Data items:
- - - -

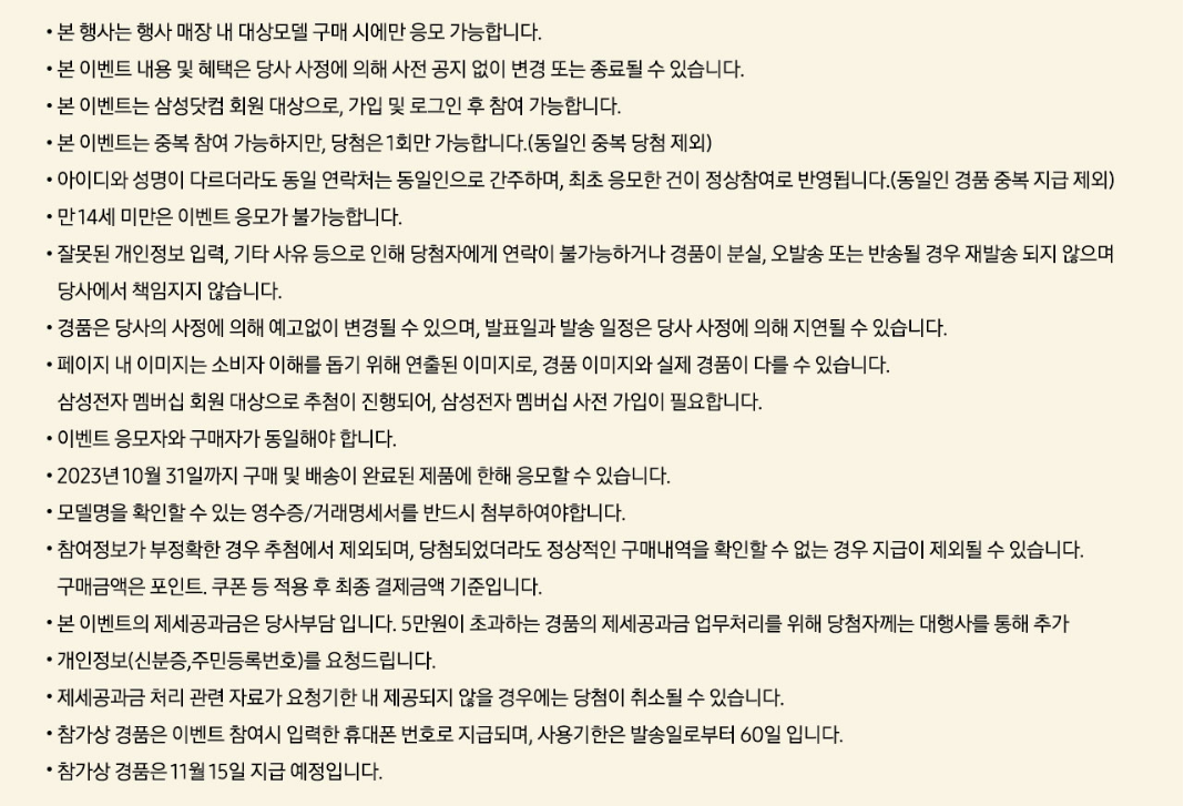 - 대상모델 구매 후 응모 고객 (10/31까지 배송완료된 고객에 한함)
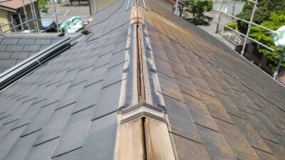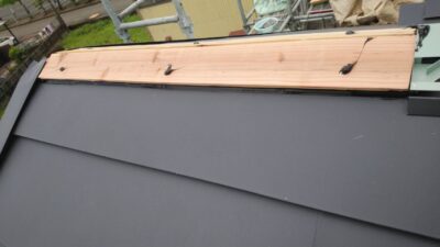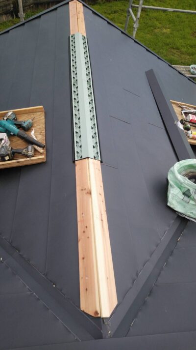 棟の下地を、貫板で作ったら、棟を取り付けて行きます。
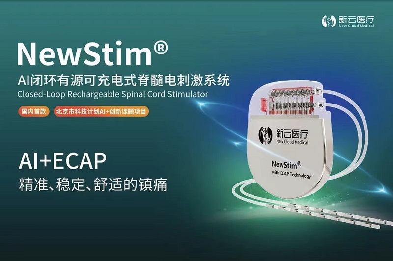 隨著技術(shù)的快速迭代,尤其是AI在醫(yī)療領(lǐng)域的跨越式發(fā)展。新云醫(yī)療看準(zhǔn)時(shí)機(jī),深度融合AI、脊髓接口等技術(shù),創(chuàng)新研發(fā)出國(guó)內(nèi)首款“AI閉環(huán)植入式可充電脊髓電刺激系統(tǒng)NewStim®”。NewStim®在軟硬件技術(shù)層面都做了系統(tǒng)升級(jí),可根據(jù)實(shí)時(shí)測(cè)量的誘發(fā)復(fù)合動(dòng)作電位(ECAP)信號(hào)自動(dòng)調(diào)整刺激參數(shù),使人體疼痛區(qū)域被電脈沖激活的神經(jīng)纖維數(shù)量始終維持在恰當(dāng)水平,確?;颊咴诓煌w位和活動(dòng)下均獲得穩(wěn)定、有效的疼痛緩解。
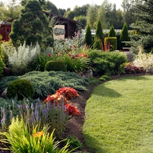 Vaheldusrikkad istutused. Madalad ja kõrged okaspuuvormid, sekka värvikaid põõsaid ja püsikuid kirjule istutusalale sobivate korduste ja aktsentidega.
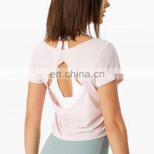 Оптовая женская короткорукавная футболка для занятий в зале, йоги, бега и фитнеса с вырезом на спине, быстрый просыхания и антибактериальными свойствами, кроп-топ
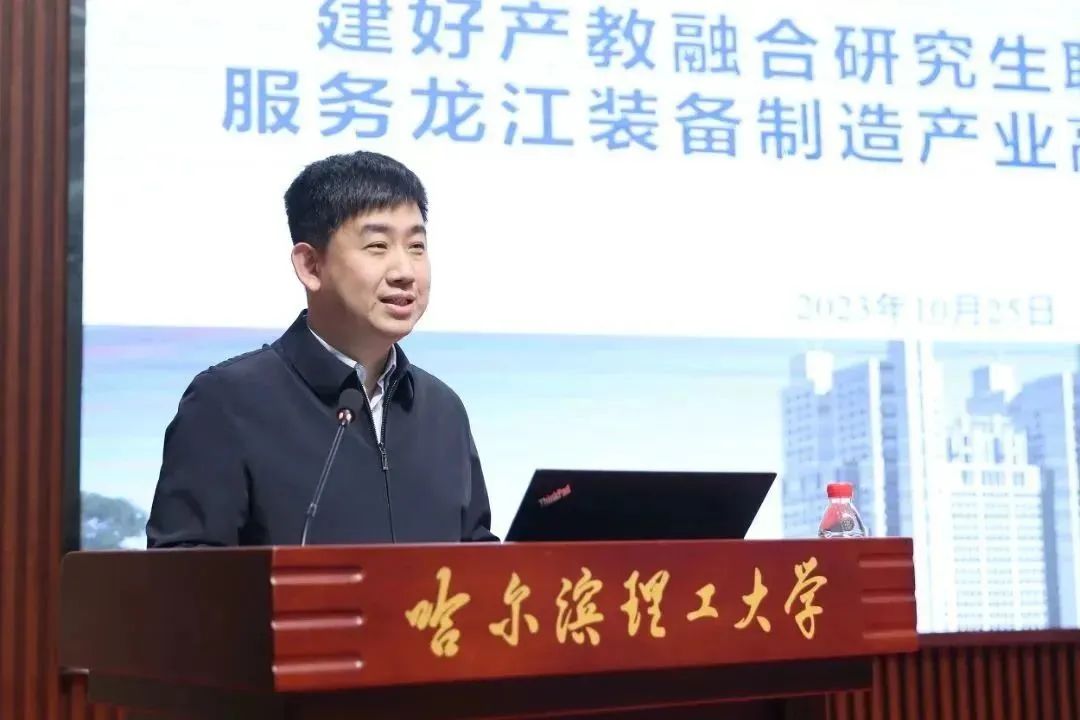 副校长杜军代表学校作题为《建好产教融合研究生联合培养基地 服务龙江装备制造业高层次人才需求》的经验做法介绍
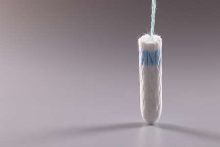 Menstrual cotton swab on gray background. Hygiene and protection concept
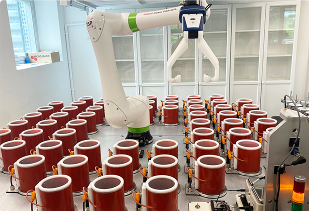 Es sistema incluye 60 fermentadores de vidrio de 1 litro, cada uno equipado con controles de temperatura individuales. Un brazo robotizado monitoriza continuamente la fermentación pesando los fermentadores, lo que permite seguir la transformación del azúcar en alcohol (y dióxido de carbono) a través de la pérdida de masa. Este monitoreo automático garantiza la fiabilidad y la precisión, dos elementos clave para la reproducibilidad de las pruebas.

- - - -

What to do | Set down word for word the lines from the first entry through the line with "副校长杜军代表学校作题为《建", both included, omitting pictures.

Solution for this task |
 - 대상모델 구매 후 응모 고객 (10/31까지 배송완료된 고객에 한함)
 棟の下地を、貫板で作ったら、棟を取り付けて行きます。
 隨著技術(shù)的快速迭代,尤其是AI在醫(yī)療領(lǐng)域的跨越式發(fā)展。新云醫(yī)療看準(zhǔn)時(shí)機(jī),深度融合AI、脊髓接口等技術(shù),創(chuàng)新研發(fā)出國(guó)內(nèi)首款“AI閉環(huán)植入式可充電脊髓電刺激系統(tǒng)NewStim®”。NewStim®在軟硬件技術(shù)層面都做了系統(tǒng)升級(jí),可根據(jù)實(shí)時(shí)測(cè)量的誘發(fā)復(fù)合動(dòng)作電位(ECAP)信號(hào)自動(dòng)調(diào)整刺激參數(shù),使人體疼痛區(qū)域被電脈沖激活的神經(jīng)纖維數(shù)量始終維持在恰當(dāng)水平,確?;颊咴诓煌w位和活動(dòng)下均獲得穩(wěn)定、有效的疼痛緩解。
 Vaheldusrikkad istutused. Madalad ja kõrged okaspuuvormid, sekka värvikaid põõsaid ja püsikuid kirjule istutusalale sobivate korduste ja aktsentidega.
 Оптовая женская короткорукавная футболка для занятий в зале, йоги, бега и фитнеса с вырезом на спине, быстрый просыхания и антибактериальными свойствами, кроп-топ
 副校长杜军代表学校作题为《建好产教融合研究生联合培养基地 服务龙江装备制造业高层次人才需求》的经验做法介绍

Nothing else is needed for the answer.